▶ Problem requirements
Every entry is to be returned unchanged, and no picture is to be included.
══ Given data
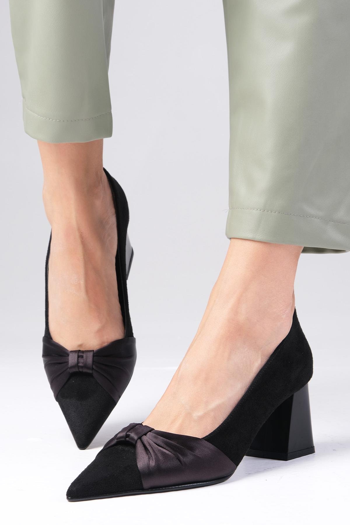 • Siyah renk süet , saten fiyonk aksesuarlı topuklu ayakkabı
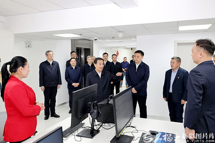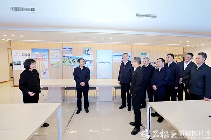 11月7日,自治区党委书记、兵团党委第一书记、第一政委陈小江在新疆日报社,察看新疆国际传播中心运营成效。石榴云/新疆日报记者 崔志坚摄
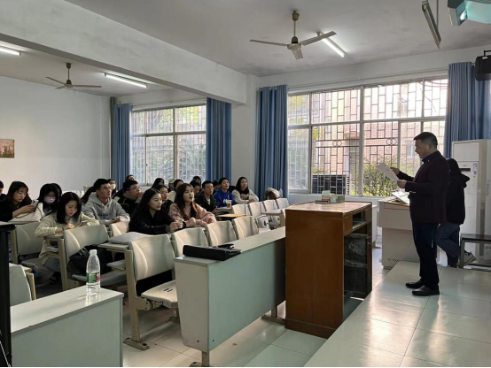 11月26日中午,我院学生党支部在4105教室开展主题党日活动,由我院党委书记黄皓华为学生党员教唱《国际歌》以及《国歌》。
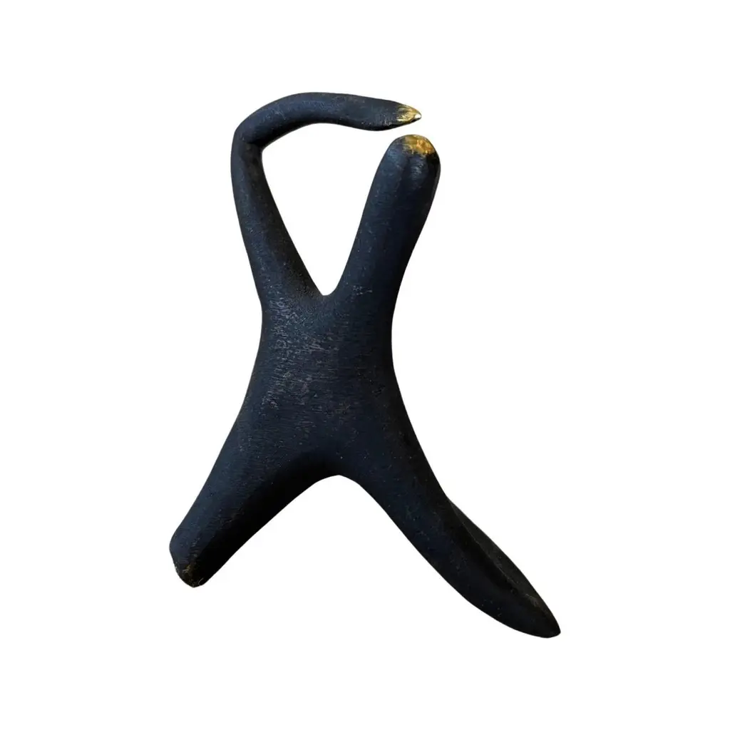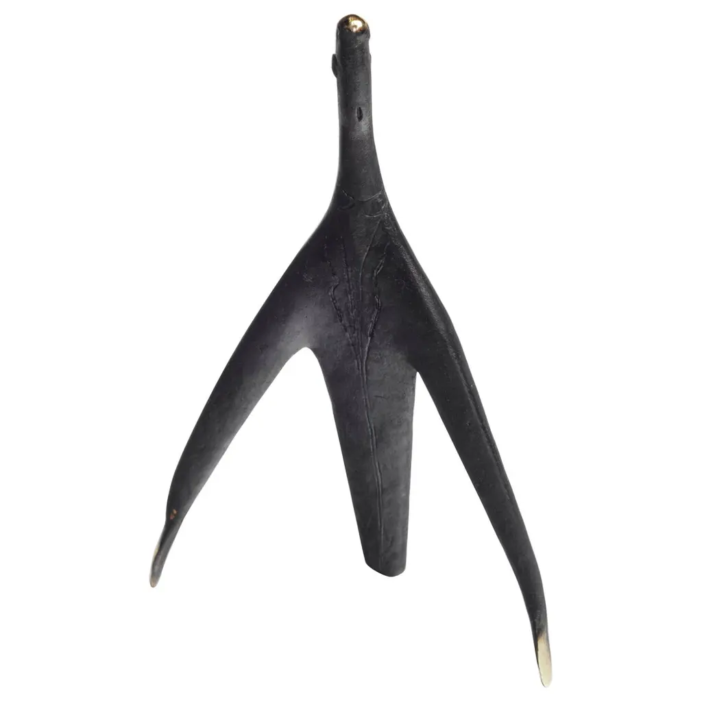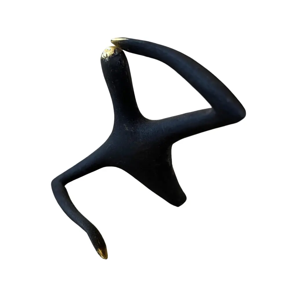 Carl Aubock Patinated Brass "Optimist" Sculpture #4049. Produced by Carl Auböck IV in the original Auböck workshop in Vienna, Austria using the same standards, high-quality materials, molds and techniques of his predecessors. Auböck designs are unique and vary from works of art to useful daily household items which provide functional, aesthetically pleasing conversation pieces for the home and office. Price is per item. One in stock ready to ship. Available in unlimited quantities. Please note that in-stock availability is subject to change at any time. Allow additional 3-4 weeks for items not in stock. Some items can take up to 8 weeks or more.
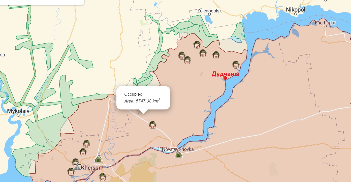 Российские источниики сообщают, что в Херсонской области войска РФ откатились на рубеж села Дудчаны (находится на северном берегу Днепра, северо-восточнее Каховки). На карте украинского проекта DeepState этот участок все еще закрашен розовым как подконтрольная РФ территория.
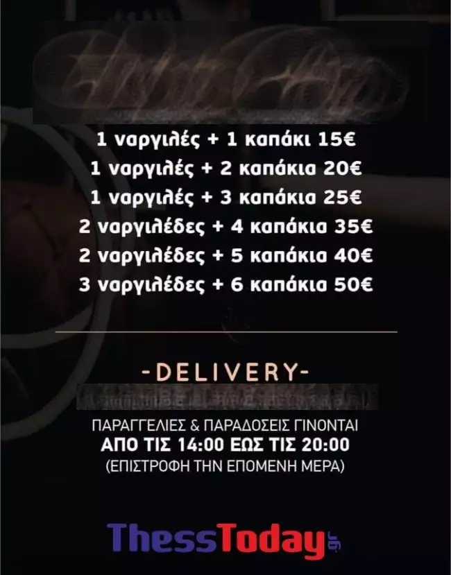 Ένας δαιμόνιος επιχειρηματίας στη Θεσσαλονίκη δεν πτοήθηκε από τα μέτρα που επέβαλε η κυβέρνηση και είχε την ιδέα να μετατρέψει τον ναργιλέ σε απόλαυση κατ’ οίκον.
════
▶ Result of the exercise
 • Siyah renk süet , saten fiyonk aksesuarlı topuklu ayakkabı
 11月7日,自治区党委书记、兵团党委第一书记、第一政委陈小江在新疆日报社,察看新疆国际传播中心运营成效。石榴云/新疆日报记者 崔志坚摄
 11月26日中午,我院学生党支部在4105教室开展主题党日活动,由我院党委书记黄皓华为学生党员教唱《国际歌》以及《国歌》。
 Carl Aubock Patinated Brass "Optimist" Sculpture #4049. Produced by Carl Auböck IV in the original Auböck workshop in Vienna, Austria using the same standards, high-quality materials, molds and techniques of his predecessors. Auböck designs are unique and vary from works of art to useful daily household items which provide functional, aesthetically pleasing conversation pieces for the home and office. Price is per item. One in stock ready to ship. Available in unlimited quantities. Please note that in-stock availability is subject to change at any time. Allow additional 3-4 weeks for items not in stock. Some items can take up to 8 weeks or more.
 Российские источниики сообщают, что в Херсонской области войска РФ откатились на рубеж села Дудчаны (находится на северном берегу Днепра, северо-восточнее Каховки). На карте украинского проекта DeepState этот участок все еще закрашен розовым как подконтрольная РФ территория.
 Ένας δαιμόνιος επιχειρηματίας στη Θεσσαλονίκη δεν πτοήθηκε από τα μέτρα που επέβαλε η κυβέρνηση και είχε την ιδέα να μετατρέψει τον ναργιλέ σε απόλαυση κατ’ οίκον.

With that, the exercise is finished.